Mein Leben mit SMA Typ IIIa

    Wie es ist damit zu leben oder wie man eben trotzdem leben kann, der bisherige Verlauf und ein Blick in die Zukunft...

    Die Diagnose

    Zuerst hatte ich eine ganz normale frühe Kindheit ohne irgendwelche Auffälligkeiten. Als ich so langsam anfing zu laufen wurde ich aber immer sehr schnell müde. Oft bin ich auch nur so hingefallen, ohne dass ich versucht hätte, mich zu stützen. Beim aufstehen kletterte ich immer an mir hoch. Darauf hin wandten sich meine Eltern an den Arzt. Im November 1985, wo ich 2 ½ Jahre alt war, wurde mir eine Gewebeprobe entnommen (Muskelbiopsie). Es wurde eine neurogene Schädigung festgestellt, passend zur spinalen Muskelatrophie Typ III a.

    Ich war damals noch zu klein, um das zu realisieren, aber für meine Eltern war es natürlich ein Schock. Mit so was rechnet ja auch niemand. Ich habe dann etwa so kurz vor dem Kindergartenalter begriffen, dass mit meiner Gesundheit nicht alles beim besten ist.

    Die Veränderungen im Alltag

    Da ich ja noch so jung war, hat sich durch diese Diagnose nichts großartig geändert.

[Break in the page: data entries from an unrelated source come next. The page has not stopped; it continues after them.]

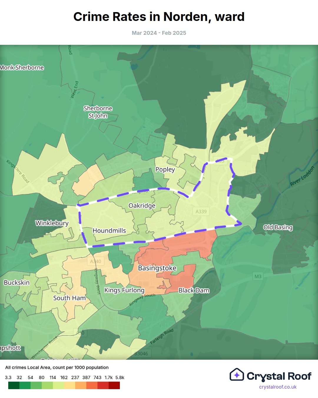 Norden (ward) is located within Basingstoke and Deane (borough). Annual total crime rate in Basingstoke and Deane (borough) is 74.1 crimes per thousand resident population, which can be rated as 3 out of 10 or low crime level compared to other local authority districts in England and Wales.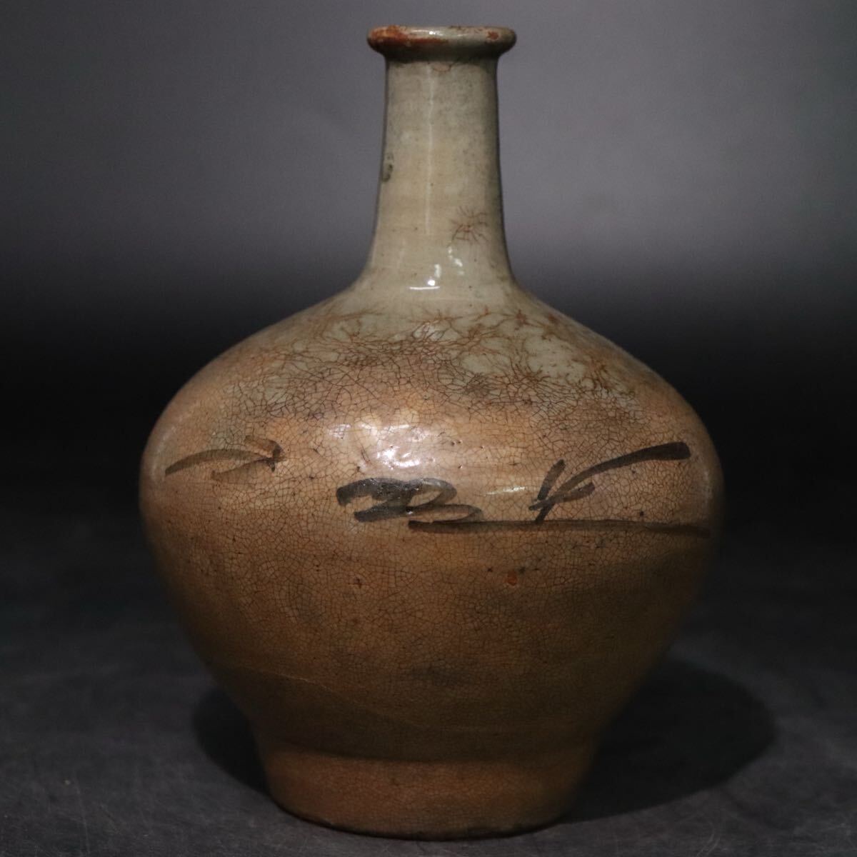 > 時代 古唐津 黒牟田 御本 ・ 鉄絵 花瓶 / 絵唐津 壺 花器 煎茶道具 雨漏り手 雨漏り .B1260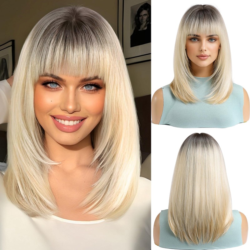 Effortless Glamour: Medium-Length Ombre Blonde Wig with Bangs Chic, Soft & Natural: Elevate your style with this effortlessly stunning ombre blonde wig! Designed to mimic the look and feel of real hair, its silky-smooth strands offer a natural shine and fu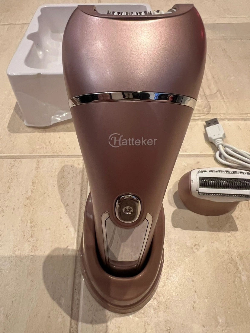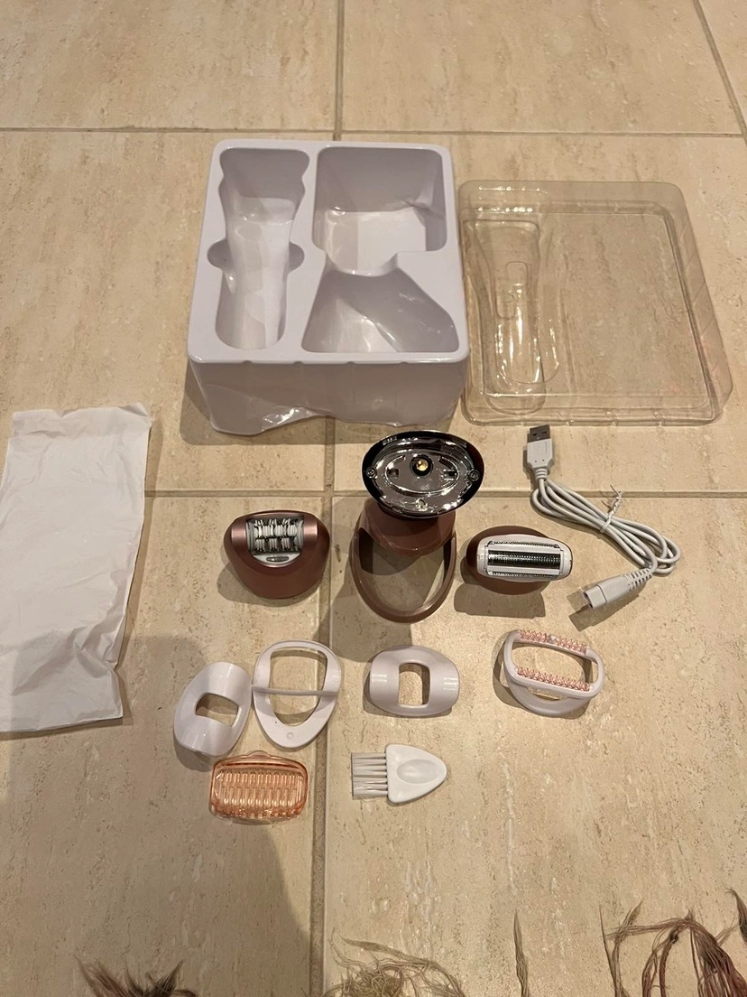 This is a cordless rechargeable epilator with multiple attachments. It is in good condition and comes with all of the attachments shown in the pictures.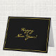 Solid black background with a thin gold border and "Happy New Year" in an elegant gold script decorate the front of this greeting card. The inside message can be changed or removed. The back is also solid black with matching border and gold "Cheers" and name. Easily change or remove text to make it yours using the Template provided. White envelope is included or mark "none" for reduced price. 5"x7" is also available. Highly rated and excellent print quality. See "About This Product" at side for more information.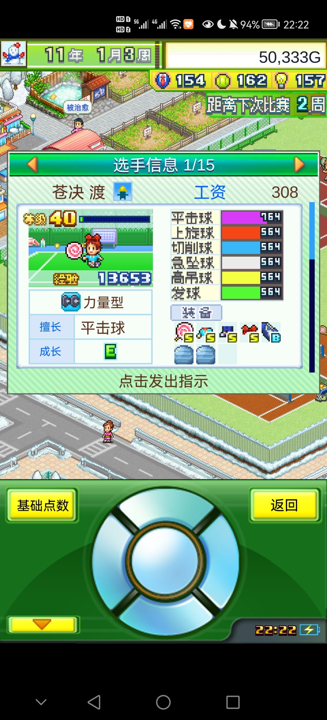 说回游戏,游戏本身真的挺肝,人物属性要肝,人物等级要肝,赞助商好感度要肝,金钱等资源也要肝,确实是我玩过的几个开罗游戏里最肝之一了,并且这一作许多招募人员的属性应该也大多都是随机的,如果按照一些攻略上写的开局招“这个名字”的人比较好blablabla,那可能得sl好久。但因其这些众多特性,网球物语也是我开罗游戏中最喜欢之一,真的很有趣,看自己创建的主角各种失误出界高血压、0比40的后来居上、站在网前的暴扣扣杀确实很过瘾,大力出奇迹,疯狂堆力量,不需要超级巨星同样能过开罗姬。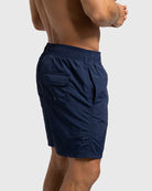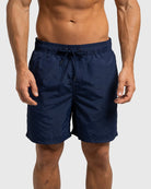 The Essential Navy Swim Shorts showcase an array of features that set them apart, combining fashion-forward design with practicality. Our featured model confidently sports a size medium (AU), standing at an impressive height of 186cm (6'1"), with a chest circumference of 104cm (40") and a waist measurement of 86cm (33").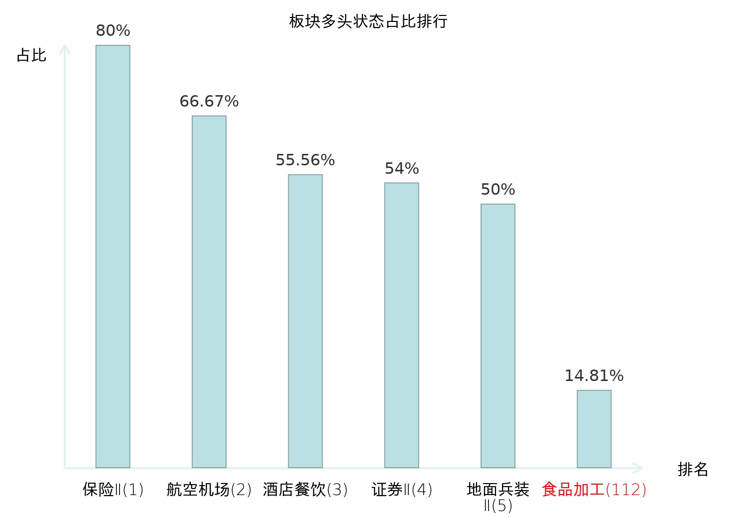 全市场所有行业板块中主力多头状态占比排名中,保险Ⅱ板块位居第一。特钢Ⅱ板块名次提升最快,较昨日上升69位。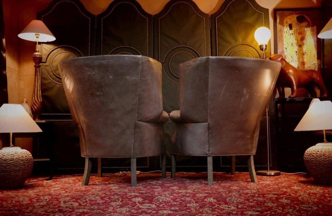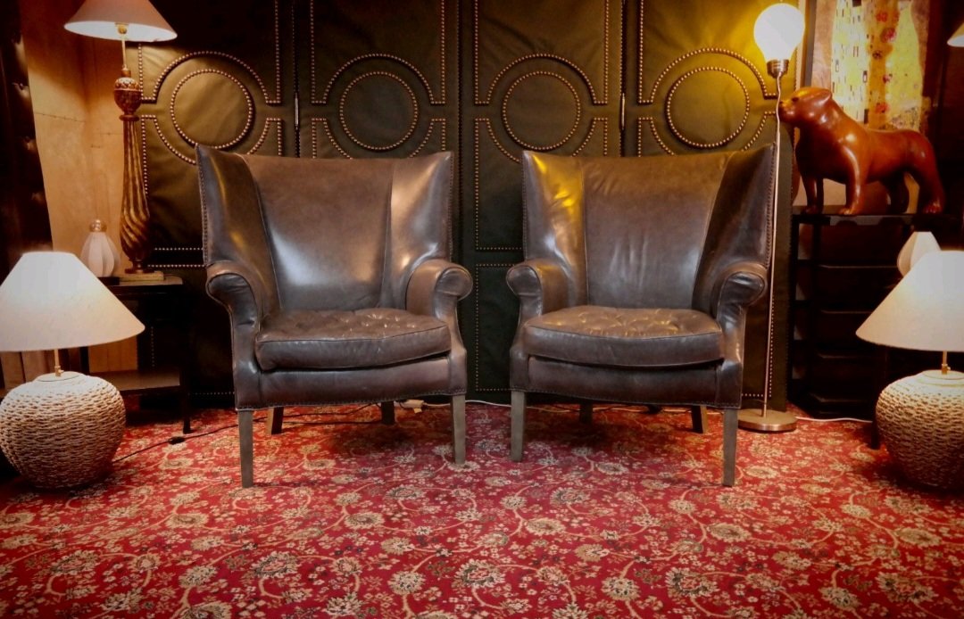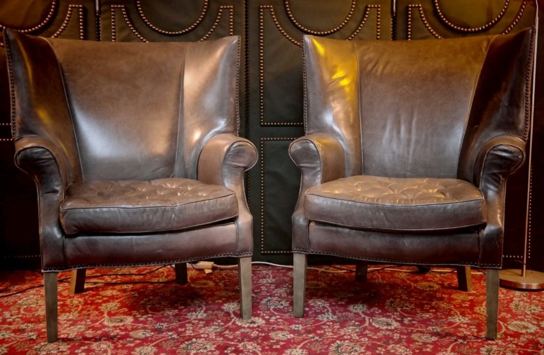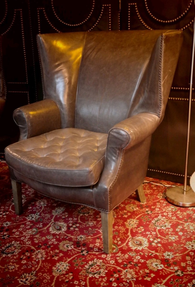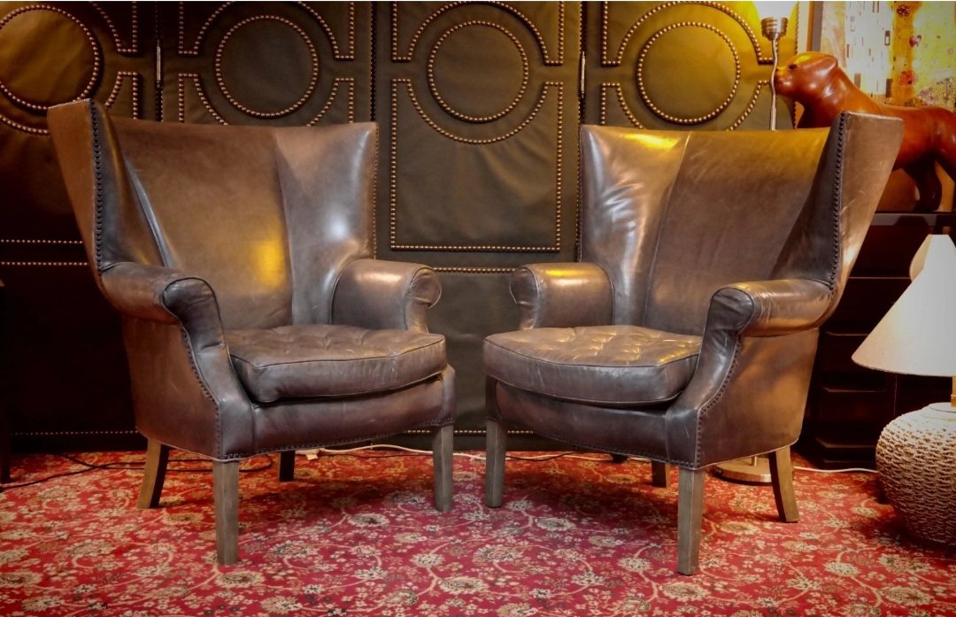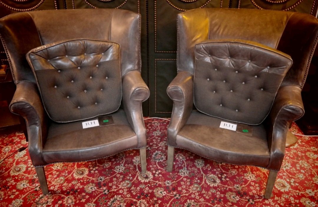 Drake Armchairs in Graphite Leather by Ralph Lauren for Restoration Hardware, 2010s, Set of 2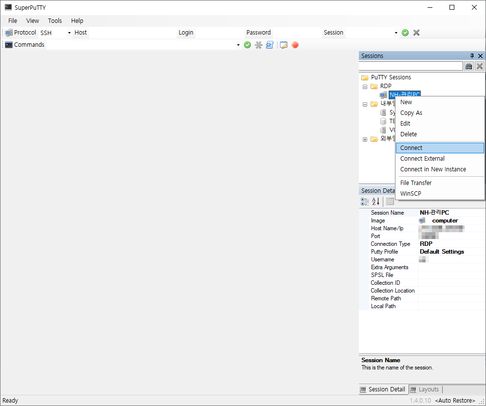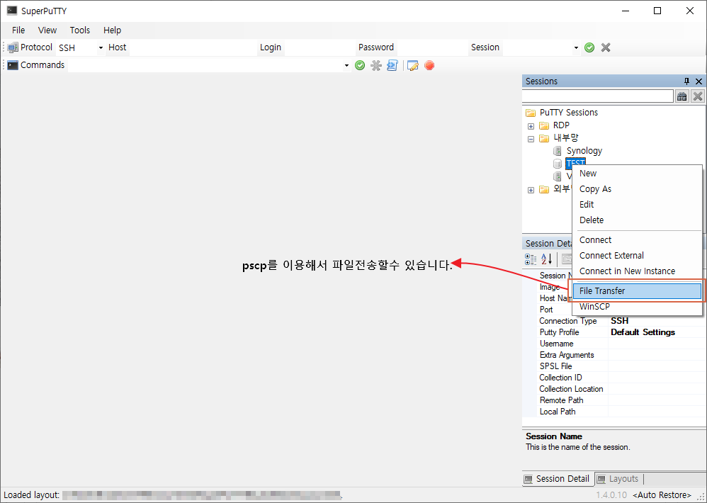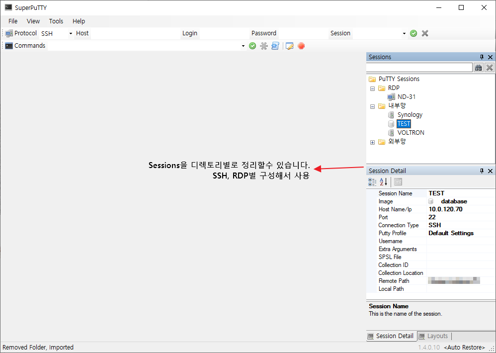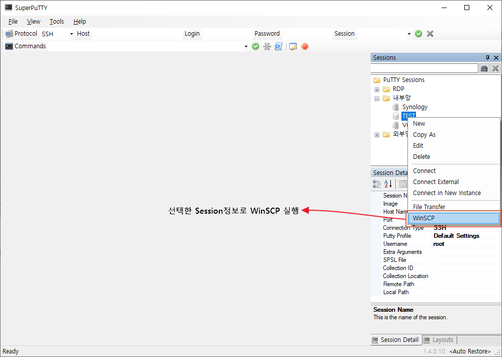 SuperPuTTY 섹션 관리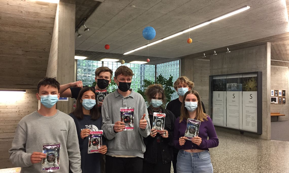Ein Konzeptteam der Klasse baute dreidimensionale Himmelskörper aus Styropor und eine ISS aus Alufolie und Draht, welche der Ausstellung im Eingangsbereich der Schule eine faszinierende Raumtiefe verliehen. Mit einem Beamer wurde eine Bildstrecke rund um die ISS, sowie ein Livestream aus der ISS direkt aus dem Weltall an die Wand projiziert. Ein gelungenes Projekt, das die 4a zu Recht mit Stolz erfüllte und ihnen trotz der angespannten Coronasituation ein Lächeln ins Gesicht zauberte! Zum Abschluss wurde der grossartige Einsatz der 4a mit einer Auswahl von gefriergetrockneten «space icecream» honoriert, gesponsert vom Ehemaligenverein VEGL.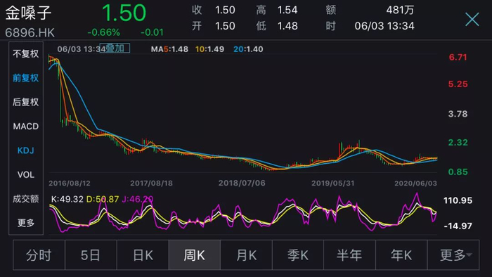 金嗓子股价从2015年上市时4.71港元/股跌到目前的1.5港元/股,市值从上市首日35亿港元跌至不到11亿港元,大幅缩水。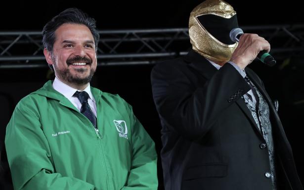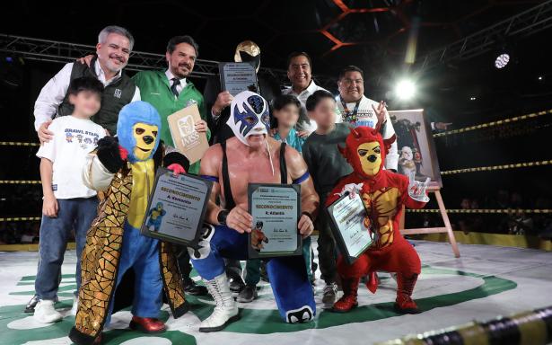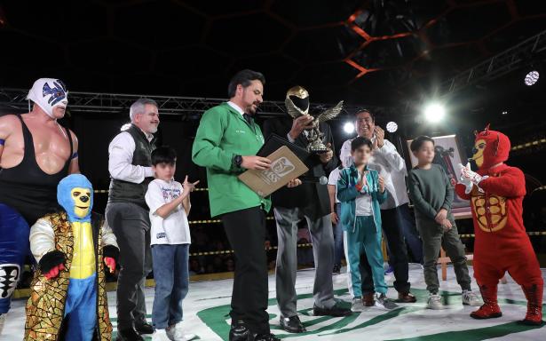 El director general del IMSS, Zoé Robledo, entregó un reconocimiento a “Tinieblas” por su trayectoria y a “Atlantis” por su labor altruista con niños con cáncer.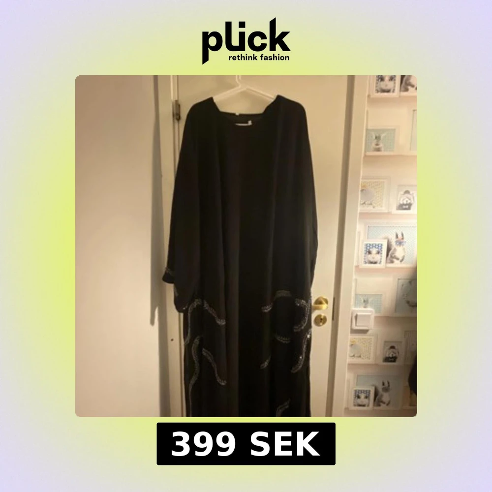 En svart långklänning med vida ärmar och rund halsringning. Klänningen har snygga silverfärgade broderade detaljer längs nederdelen och ärmarna som ger en cool touch. Passformen är loose och tyget faller mjukt. Perfekt för dig som gillar en stilren och bekväm look.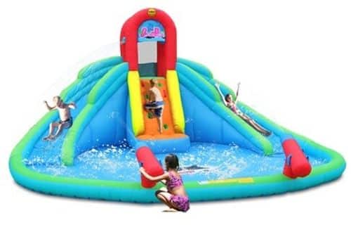 - הילדים מטפסים מהבריכה לתוך משטח קפיצה, ממשטח הקפיצה עולים למגלשה ומשם מתגלשים לתוך בריכה.

Die einzige wesentliche Änderung waren damals die Abende: Nach bekannt werden der Krankheit und diversen Abklärungen ging ich erstmals zur Physiotherapie. Meine Mutter schaute sich die Übungen ab, und fortan machten wir jeden Abend (außer Sonntags) zu Hause intensive Physiotherapie. Das dauert also nun schon über 20 Jahre...

    Für meine Eltern hat sich aufgrund dieser Diagnose die Familienplanung geändert: Bei einer mit 25% recht hohen Wahrscheinlichkeit, dass ein Geschwister dieselbe Krankheit haben könnte, entschieden sie sich, keine weiteren Kinder zu haben.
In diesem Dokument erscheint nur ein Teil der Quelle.